I'm pleased we bet on JS.

2 comments

> The main competing technology at the time was Lua

The main competing technology for what exactly? I could easily think of 10 other server side choices off the top of my head from the 2005 time frame; like Java or C# to name a couple. Something is missing here.

Interpreted languages with no compile time it seems.
It wasn't an option back then, but now, if you wanted both a typed language and rapid code-build-run-debug for the server side, you could go even faster and simpler (snappy single-step compile to native executable) with Go. If you were starting now, would that work even better for you, or would other benefits of server-side JS outweigh the more complex toolchain and deployment?
One benefit of working with JS is that it was an easy transition to providing both client-side and server-side JS within the same application/project. Go would work on the server, but integrating it into a native MSVC Windows app, yet alone Chromium, would be... not fun.
This seems to imply something about the client side of your strategy that I wasn't aware of (but maybe I should have realized) that probably matters: that your clients will (almost?) all be Windows machines running the new-MS-strategy MSVC native apps written (at least partly) in JS, where "JS" on Windows now (as in Node) means Chromium specifically.

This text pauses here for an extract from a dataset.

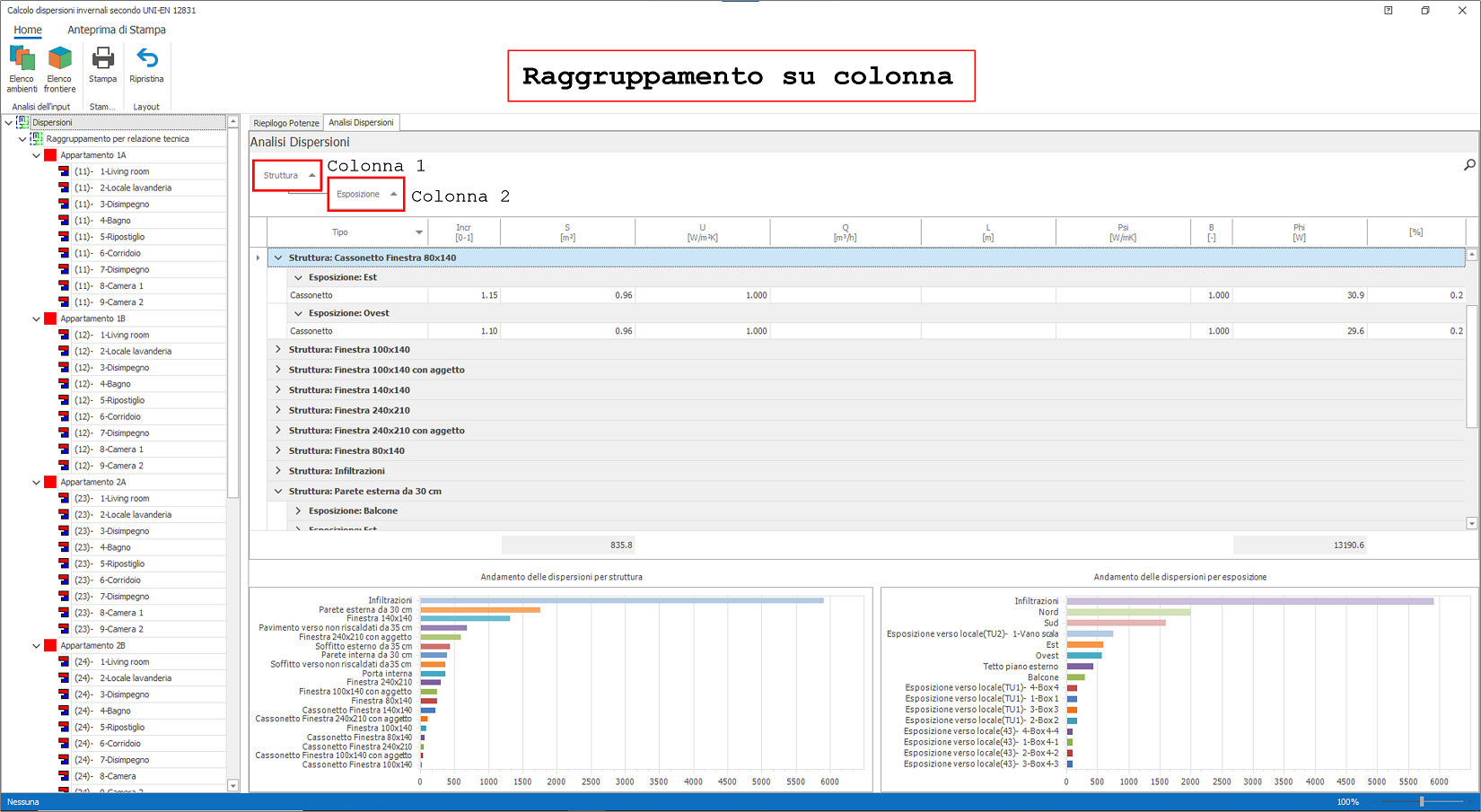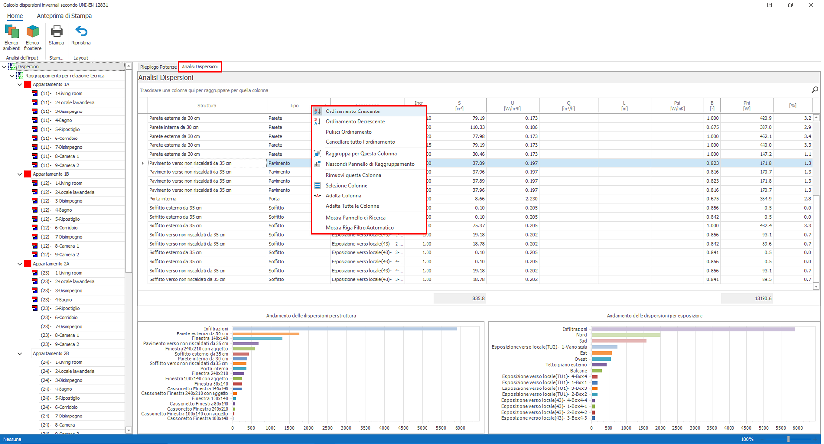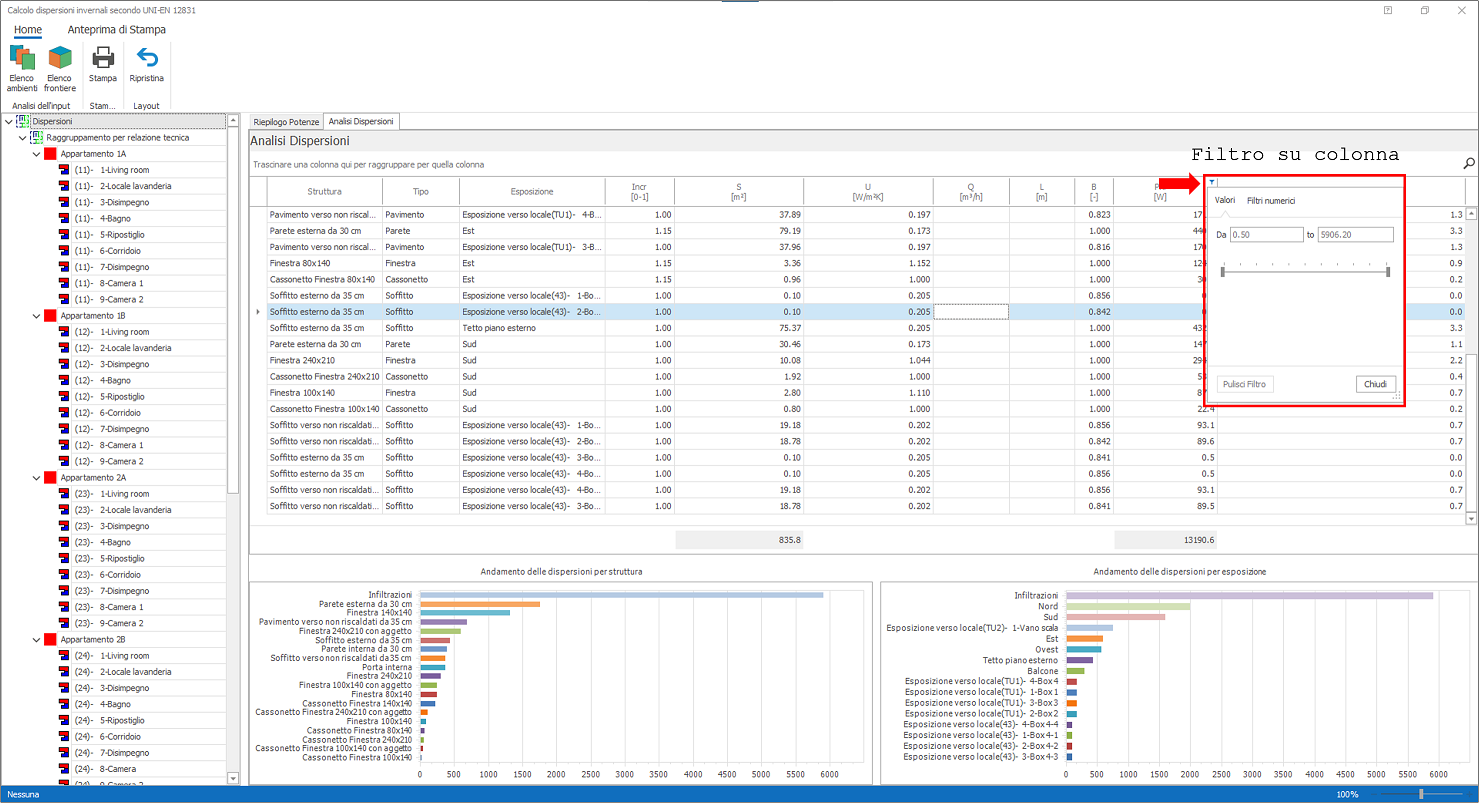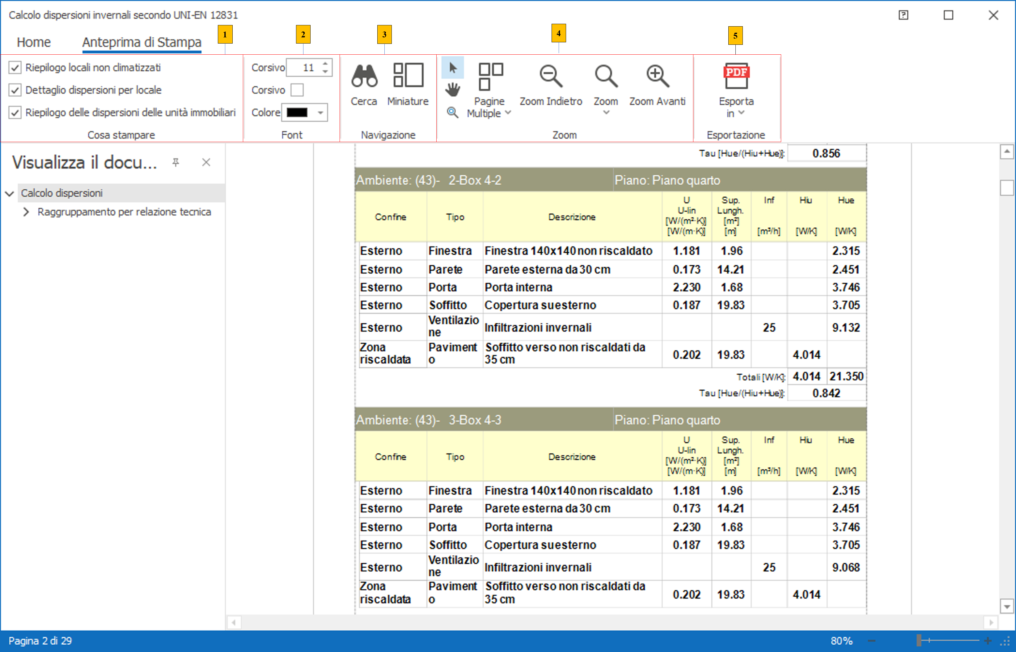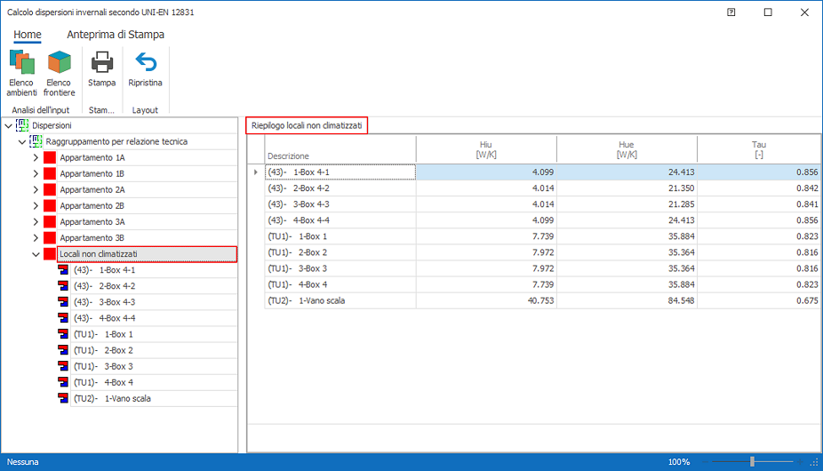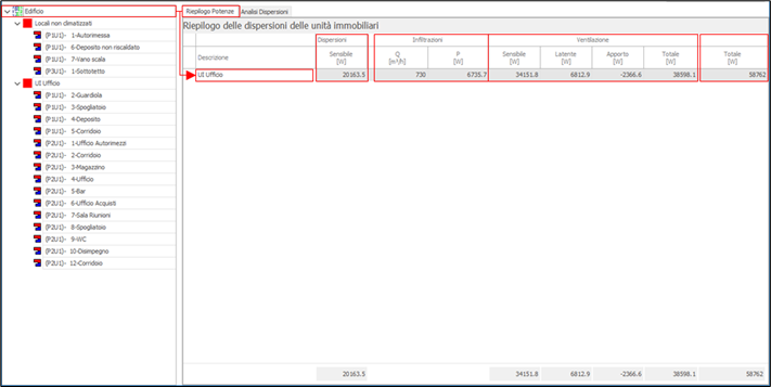 istanza, l'esito del calcolo delle dispersioni secondo UNI

In a situation where you get to build the client all the way to the hardware, you're like Apple. You can probably get more advantage than most by matching client and server more deeply than the usual talk-to-the-API level. In your case, it sounds as though it's Microsoft's TS-in-Chromium spanning both.

Yes to Chromium, not so much for anything specifically MS-related. Using Chromium as a low-level GDI replacement lets you leverage higher-level constructs and work in web-space to implement rendering, and TS nicely spans between client-side Chromium and server-side V8.

Note -- it doesn't need to be specifically Chromium or specifically Node. It just so happens that Node bet on V8 and Chromium is embeddable, so you can get even more leverage out of using the two together. (We actually also use TS with server-side Spidermonkey as well, so TS has definitely proven itself as a better way to interop at the tooling level across these different implementations.)

This all comes with a Titantic-iceberg-sized caveat, however. Keeping up with Chromium is difficult. Any embedder is not Google and embedded use cases are not the web. You can leverage all the collective work put into making the web work quickly, but you have to back it up with your own resources to leverage the source and make changes and contributions where necessary.[1] It's definitely a balancing act!